Унаследовав от сестры крупное состояние, Ревун основал в Опале школу для талантливых ремесленников. Несколько раз повторял опыт, зачаровывая творения особенно одаренных учеников. Всякий раз с неизменным результатом: удачный шедевр отнимал у создателя волю к жизни.

Забросив эти эксперименты, Ревун вновь посвятил себя странствиям и торговле. Не гнушался контрабандой и работорговлей. Золото не пахнет.

Его колдовское искусство и слава росли. Он получал заказы от крупных компаний и архонтов. Но он никогда не забывал (или ему не давали забыть), что у колдунов-аристократов мало уважения к выскочкам.

Когда началось восхождение Эрина Безотчего, Ревуну до этого было мало дела. Его домом были берега Моря Мук, на север он не заглядывался. И вообще считал, что только в Самоцветных городах существует настоящая цивилизация. Но Эрин был щедрым нанимателем и имел интересы в Самоцветных городах. А Ревун был прирожденным дельцом. Так что у них были общие дела. Но опять-таки, чисто бизнес. Он снабжал армию Эрина, когда она шла к Гранату, доставлял ему редкости из-за моря, перевозил грузы и передавал послания.

Иногда выполнял весьма экзотические заказы. Одна семья из города Розы как-то щедро заплатила ему, чтобы он “заставил замолчать” древний менгир. Тот хранился под сильной охраной в Вие и умел чуять магов, но наш герой справился.
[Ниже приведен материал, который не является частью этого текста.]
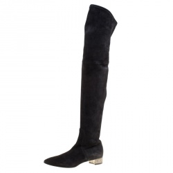 Casadei Black Leather Blade Over The Knee Pointed Toe Boots Size 37

Ему показалось забавным заключить голос камня во флейту, которую он и отослал заказчикам.

Несколько раз в те годы ему переходил дорогу могущественный колдун, враждовавший с Эрином. Сорванные сделки, убытки, пятнышки на репутации… Это было неприятно.. Но, главное, этот колдун был неуловим. Никто не мог даже описать его внешность. Уже потом, в Сумраке, наш герой сложит два и два и поймет, что его противником был Меняющий Облик. И с тех пор они не то чтобы стали врагами, но Ревун неизменно воспринимал его как соперника и ждал момента, чтобы показать, кто в итоге окажется победителем в их своеобразном соревновании.

Но вернемся к будущему Властелину. Во время встреч с Ревуном Эрин не раз заводил разговор пор «великое наследие» ючителле, зная, что, его собеседнику нужен только повод, чтобы заговорить о путях своего народа. Так, мало-помалу, он вытащил из Ревуна историю о Самоцветах. И только когда войска Эрина разрушили Алмаз, а потом и Аметист, нашему герою стало понятно ЗАЧЕМ это было сделано. В руках будущего Властелина оказались самоцветные сердца городов!

Он попытался предупредить архонтов Опала. Тщетно… Между ними и Эрином уже был заключен договор. Ревун был убежден, что это не спасет город. Он потратил все свое состояние, поднял все связи, чтобы организовать сопротивление, но после провозглашения Владычества всякая оппозиция рассыпалась, как карточный домик.

Ревун уже начал планировать бегство на юг, в страну великих болот, где он приготовил себе убежище. Единственное, что удерживало его, к его собственному удивлению – Опал. Развратный, алчный, неблагодарный, но… родной. Множество раз он покидал этот город, чтобы отправиться в странствия, много раз клял его власти, и смеялся над его нравами. Но всегда возвращался.

А сейчас еще тревожно билась мысль: быть может Эрину нужно еще одно самоцветное сердце? Сердце Опала…

Ревун не успел. Он был схвачен и заточен в комнате, где был один единственный предмет – ковер, созданный его сестрой. Как он попал к Властелину, он не знает и по сию пору. Огражденный чарами, ковер был постоянно перед глазами у пленника. Сколько дней он провел там, разрываемый виной и скорбью он не помнит. Когда же дверь открылась – там был Властелин.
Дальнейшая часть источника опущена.